4 Two explanatory variables

4.1 Introduction to the example

The number of insect prey caught by individuals of a particular bird species varies. In an effort to understand this variation, researchers recorded the number of prey an individual caught, its age (in years) and how it spent the majority of it’s time (as a single individual, in a pair or in a group of many).
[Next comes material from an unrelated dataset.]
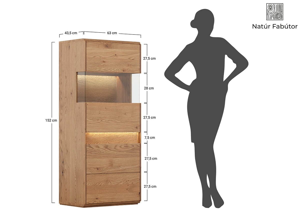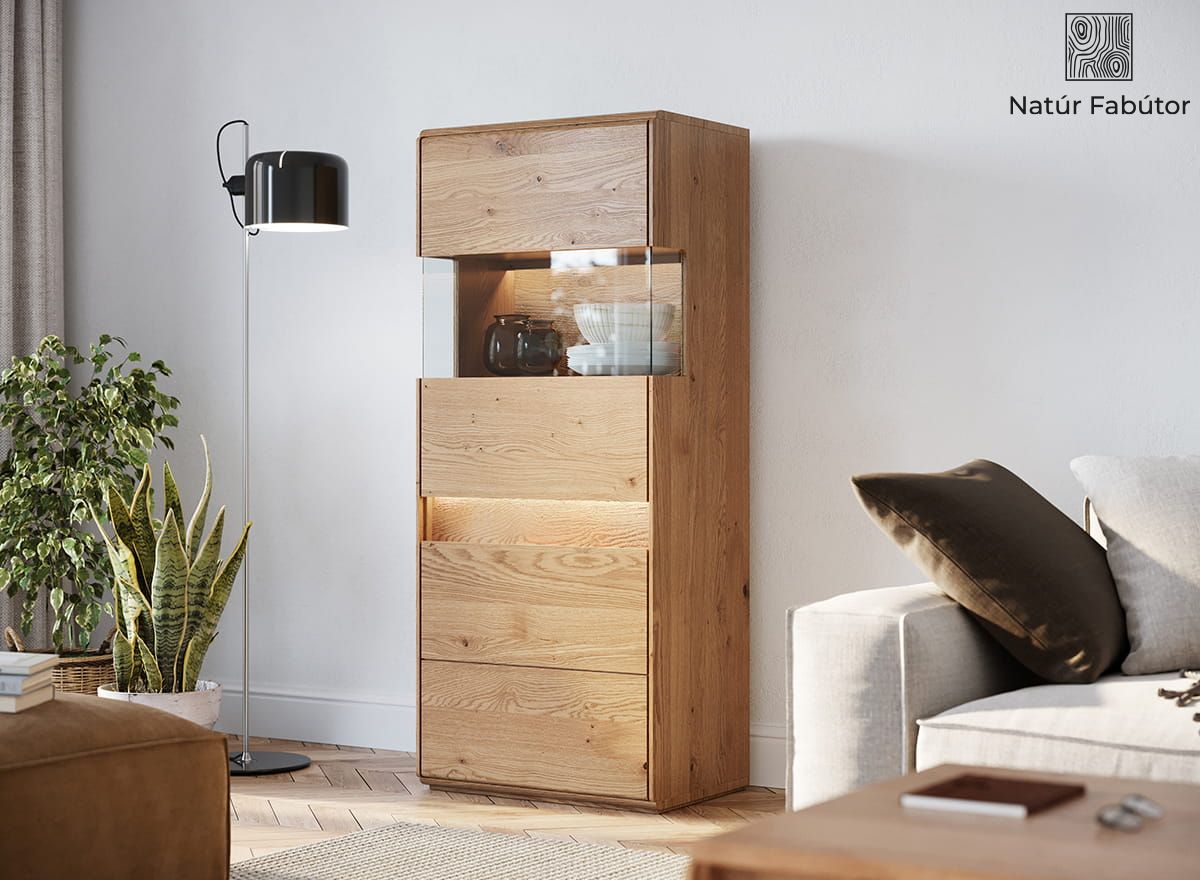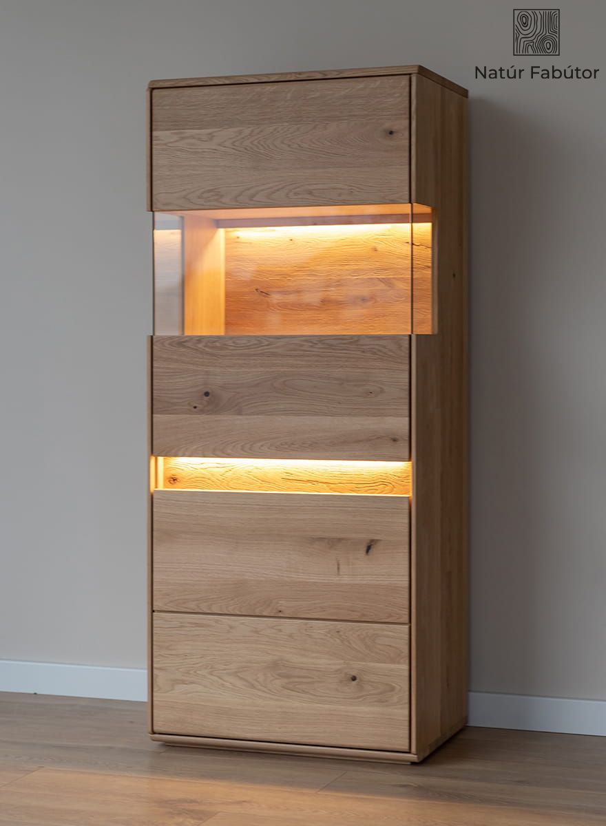 A fából készült szekrényt nagy tartóssága és vitathatatlan stílusa mellett aranyszínű színe, valamint látható szemcsék és csomók jellemzik. Mindezekért a vizuális tulajdonságokért az olajozási folyamat felelős, amellyel a bútorok kezelve lettek. Az egyik deszka érzékelhető fa textúrája viszont a kefélési módszer eredménye. És ez még nem minden! A fából készült szekrényhez tartozik még a vitrin belső világítása és az ajtók lágy záródása, ami még kényelmesebbé teszi használatát.

The data are in birds.txt.

prey age group
5 2.6 single
5 5.7 single
5 2.7 single
3 3.1 single
2 3.9 single
3 6.0 single
4 5.2 single
2 3.9 single
4 6.7 single
2 5.5 single
22 7.0 pair
12 4.4 pair
19 5.3 pair
23 4.4 pair
17 4.4 pair
14 3.4 pair
22 5.9 pair
21 5.1 pair
21 4.2 pair
30 5.5 pair
54 4.3 many
78 5.4 many
69 5.2 many
78 4.9 many
50 3.3 many
61 4.9 many
99 6.3 many
108 6.1 many
40 2.6 many
32 3.2 many

There are 3 variables: the response, prey, is the number of caught by an individual; age, gives the individual’s age in years (to one tenth of a year); and group indicates how the individuals spent the majority of its time.

We will import the data with the read_table() function and plot it with ggplot().
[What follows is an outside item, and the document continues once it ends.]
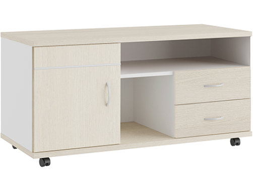 Тумба под оргтехнику Эрника, цвет дуб шамони светлый + белый

birds <- read_table("data-raw/birds.txt")

We need to be able to show the different group behaviours

# a default scatter plot of the data
ggplot(data = birds, aes(x = age, y = prey, colour = group)) +
  geom_point()
Individuals that spend most of their time with many individuals catch more prey and this effect is increased with age. Individuals that spend most of their time alone do not seem to improve with age.
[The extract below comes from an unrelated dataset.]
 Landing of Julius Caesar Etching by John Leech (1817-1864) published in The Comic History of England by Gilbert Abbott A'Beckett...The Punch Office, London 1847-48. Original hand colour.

4.2 Applying and interpreting glm()

We build a generalised linear model of the number of cases explained by the distance with the glm() function as follows:

mod <- glm(data = birds, prey ~ group * age, family = poisson)

Printing mod to the console gives us the estimated model parameters:

mod
# 
# Call:  glm(formula = prey ~ group * age, family = poisson, data = birds)
# 
# Coefficients:
#     (Intercept)        grouppair      groupsingle              age  
#           2.794           -0.416           -1.406            0.293  
#   grouppair:age  groupsingle:age  
#          -0.168           -0.323  
# 
# Degrees of Freedom: 29 Total (i.e. Null);  24 Residual
# Null Deviance:        849 
# Residual Deviance: 21     AIC: 172

\(\beta_{0}\) is labelled “(Intercept)” and \(\beta_{1}\) to \(\beta_{5}\) are labelled “grouppair,” “groupsingle,” “age,” “grouppair:age” and “groupsingle:age” Thus the equation of the line is:

\(ln(prey)\) = 2.794 \(+\) -0.416\(\times grouppair\) \(+\) -1.406\(\times groupsingle\) \(+\) 0.293\(\times age\) \(+\) -0.168\(\times grouppair:age\) \(+\) -0.323\(\times groupsingle:age\)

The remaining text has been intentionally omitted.